A: Dividends paid by local companies are exempt from income tax in Namibia. Capital gains on share sales by individuals are also not taxed (except for companies involved in mining or petroleum)
Q: Can I buy shares in foreign companies through the NSX?
A: Yes. Several South African and international companies are dual‑listed on the NSX, allowing local investors to gain exposure to foreign firms without opening an offshore account. Examples include Shoprite Holdings, Nedbank Group and Anglo American.
Q: What happens if a company doesn’t pay dividends?

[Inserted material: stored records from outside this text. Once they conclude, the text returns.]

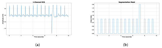 The ECG signals were divided into discrete 30 s segments, without any overlap, and a corresponding segmentation mask was developed for each of these sections as previously described (see Figure 2). If the ECG signals were less than 30 s in length, they were zero-padded to reach the desired 30 s duration. We made the decision not to normalize the amplitude of the ECG signals, opting instead to apply certain preprocessing steps. These included the utilization of a high-pass forward–backward Butterworth filter with a set cutoff frequency of 0.5 Hz, as well as a power line filter. To further refine the signals, all were downsampled to a frequency of 125 Hz using linear interpolation. These preprocessing steps were executed on the entirety of the signal prior to division into the aforementioned 30 s segments. This procedural routine was consistently applied across all the datasets. The samples we selected only contained either a normal or a premature ventricular contraction (PVC) beat. We consciously omitted windows that contained beats that could not be accurately classified during dataset labeling. Figure 3 displays a representative 10 s ECG sample paired with its corresponding segmentation mask for illustrative purposes. The construction of the segmentation mask is delineated below. For each regular beat across our datasets, a label of class index 1 is assigned 100 ms preceding and following the R-peak. For PVCs, a label of class index 2 is given 100 ms before the R peak and extended to 150 ms post R peak to encompass the entire characteristic of a PVC beat. Any other region is labeled with a 0, denoting the background (see Figure 3b). The compilation of the training set resulted in approximately 4 million 30 s windows. To tackle the prevalent class imbalance often seen in medical datasets, we opted for an oversampling approach tailored to the PVC class during training. While the focal loss function was used to mitigate class imbalance effects, it doesn’t fully prevent potential biases towards the dominant class. Therefore, to foster unbiased learning and bolster our model’s PVC detection efficiency, we aimed to achieve an equitable distribution of both PVC and regular heartbeat classes in our training set.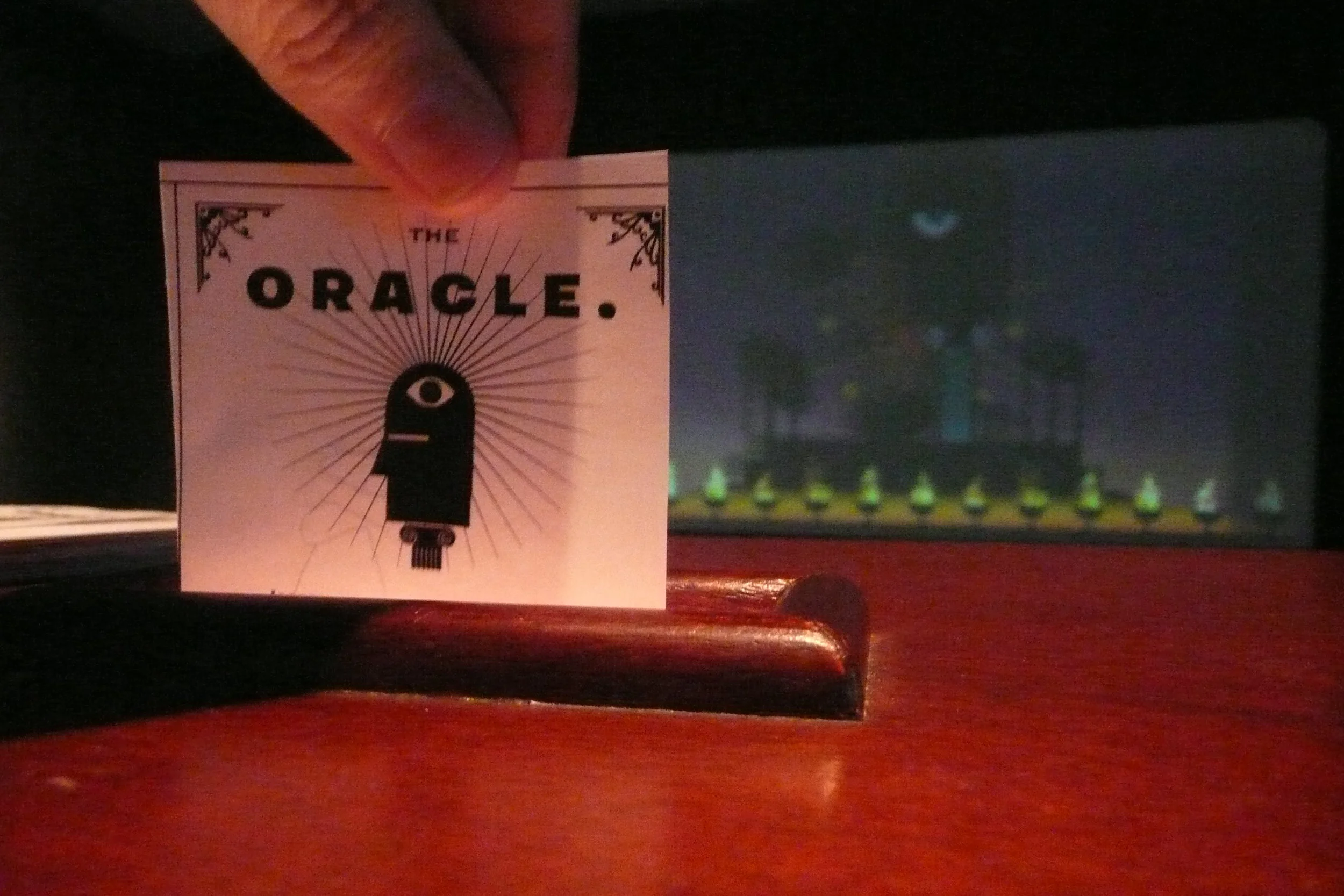 The installation combines animation, light sensors and a projector to create a fortune-telling machine that responds to queries submitted to it on small pieces of paper submitted by the viewer. It consists of the projected animation of the oracle, the projector itself, and a "petition box" containing a light sensor that triggers the answers to the solicited questions.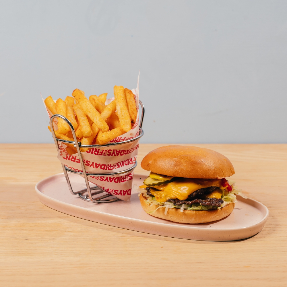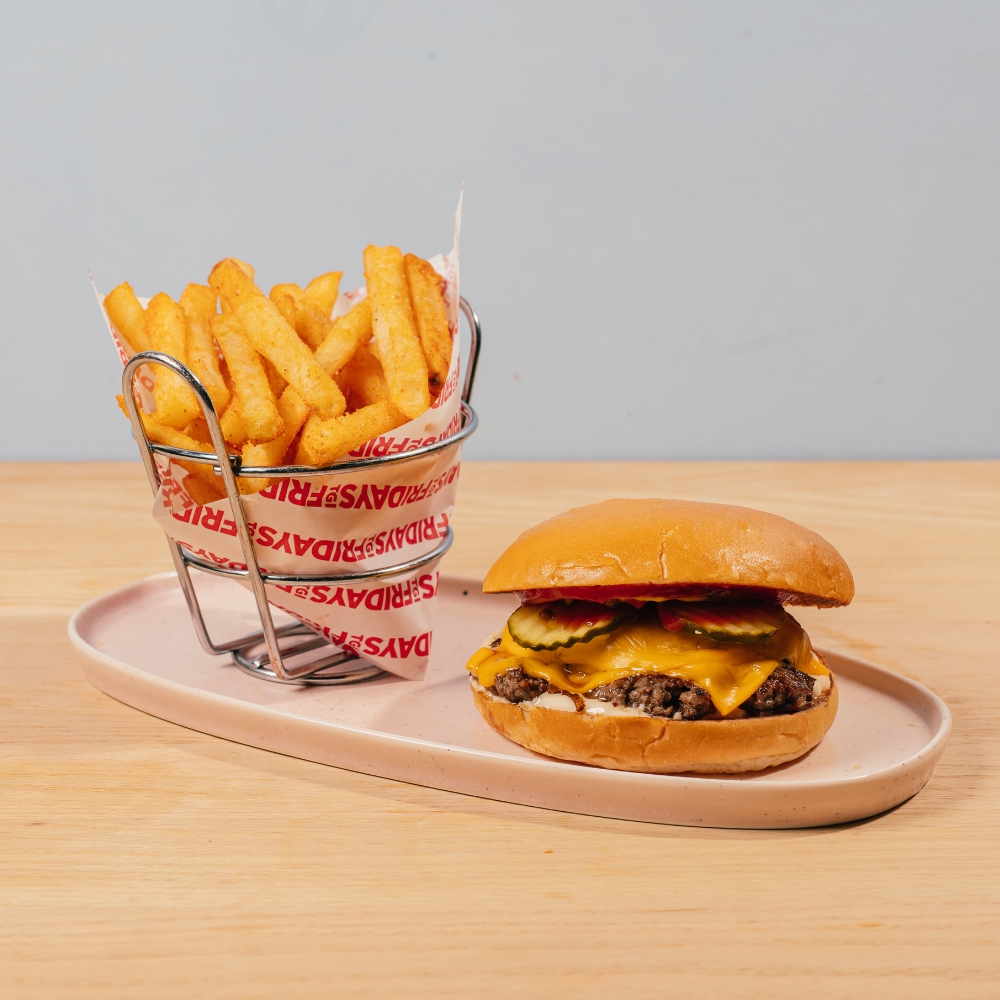 Smash patty, caramelised onion, American-style cheese, ketchup, mustard, aioli, pickles.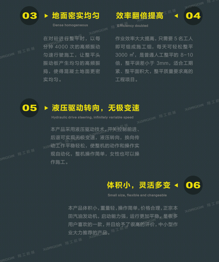 3,本產(chǎn)品能一次性鋪設(shè)混凝土基層,將其抹平將其震蕩光滑,您的工作速度將大大提高,因為該機(jī)器自動設(shè)定標(biāo)高,使得操作員快速的通過工作區(qū)域;

A: Some companies choose to reinvest their profits into growth instead of paying dividends. As a shareholder you don’t receive a dividend, but if the company grows, the share price may rise and you can earn a capital gain when you sell.
Our thoughts
Investing in shares in Namibia can be a rewarding way to grow your wealth, support local businesses and benefit from a tax‑friendly environment. By understanding key concepts like earnings per share and dividend per share, you can make informed decisions rather than relying on hearsay. Remember, investing is a journey — start small, diversify, and keep learning.
If you enjoyed this guide, explore more personal finance tips on PhiskyBox. For a deeper dive into share trading, see our article “Shares and Stocks: Your Complete Guide to Buying and Selling Shares in Namibia”.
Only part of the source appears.